Die Staatsanwaltschaft akzeptierte das nicht und erreichte, dass der Verdächtige in Untersuchungshaft kam. Nach knapp drei Wochen kam er aber wieder frei. Die Entscheidung sei «im Hinblick auf die gegenwärtig bestehende Beweislage vertretbar», erklärte die Staatsanwaltschaft damals. Der Schwager blieb aber im Visier der Ermittler.
Was sagt der Schwager?
Der Mann bestreitet, Rebecca getötet zu haben. Er gibt an, Rebecca habe das Haus verlassen. Das konnte die Mordkommission anhand der Handydaten nicht feststellen. Sie geht davon aus, «dass Rebecca das Haus des Schwagers nicht lebend verlassen hat», wie die Staatsanwaltschaft mehrfach betonte.
Ob er aktuell erneut von der Polizei befragt wurde, ist unklar.
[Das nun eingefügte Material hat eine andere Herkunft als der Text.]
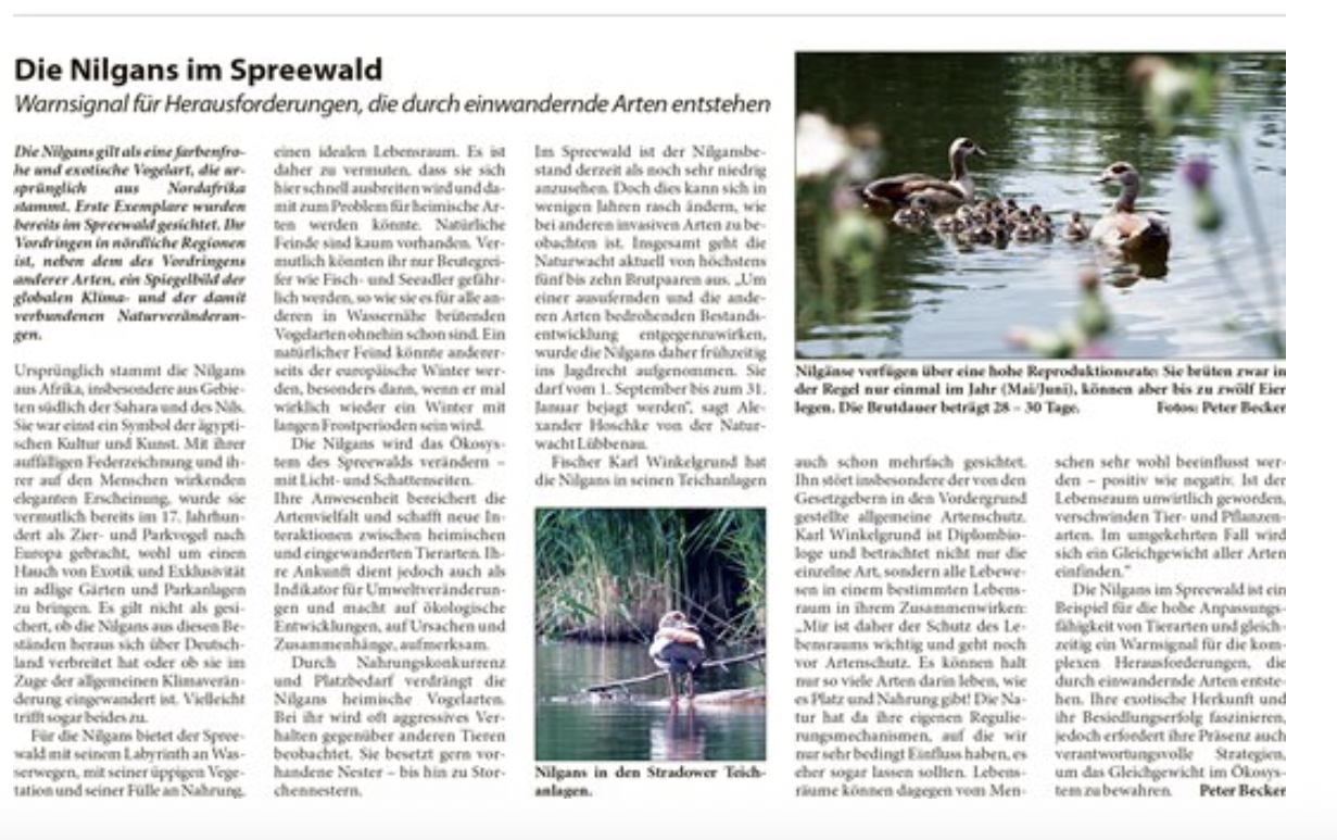 Die Nilgans gilt als eine farbenfrohe und exotische Vogelart, die ursprünglich aus Nordafrika stammt. Erste Exemplare wurden bereits im Spreewald gesichtet. Ihr Vordringen in nördliche Regionen ist, neben dem des Vordringens anderer Arten, ein Spiegelbild der globalen Klima- und der damit verbundenen Naturveränderungen.

Staatsanwaltschaftssprecher Petzold sagte dazu «aus ermittlungstaktischen Gründen» keine Angaben. Die Verteidigung des 33-Jährigen äußerte sich nicht auf eine Anfrage. Rebeccas Familie stand immer hinter ihm.
Was wurde unternommen, um Rebecca zu finden?
Seit dem Verschwinden von Rebecca sind bei der Polizei mehr als 3.200 Hinweise eingegangen. Im Oktober 2020 und Januar 2021 wurden in Berlin und Brandenburg Knochenfunde gemeldet. Es stellte sich jedoch heraus, dass sie zu Tieren gehörten. Vor etwa fünf Jahren entdeckten Jugendliche eine Decke und Knochen bei Kummersdorf in Brandenburg – auch diese standen nicht im Zusammenhang mit Rebecca, wie die Untersuchungen ergaben.
Seit dem Verschwinden von Rebecca hat die Polizei auch Waldgebiete entlang der Autobahn in Richtung Polen durchsucht – jedoch nicht das Grundstück der Großmutter.
Wie geht es nun weiter?
Bis Dienstagmittag gab die Staatsanwaltschaft keine Informationen darüber, ob bei den Durchsuchungen in Teiche Beweismittel entdeckt wurden. Es war unklar, wie lange der Einsatz südöstlich der Hauptstadt andauern sollte. Am zweiten Tag waren jedoch nur noch etwa halb so viele Polizisten vor Ort wie am Montag.
Die Ermittler hoffen auch auf Hinweise durch einen Zeugenaufruf zum Auto der Familie, einem pinken Twingo. Sie fragen, wer das Fahrzeug rund um den 18. Februar 2019 im Bereich der A12 Richtung Polen oder Tauche gesehen hat. Dazu wird auch ein Flyer verteilt werden.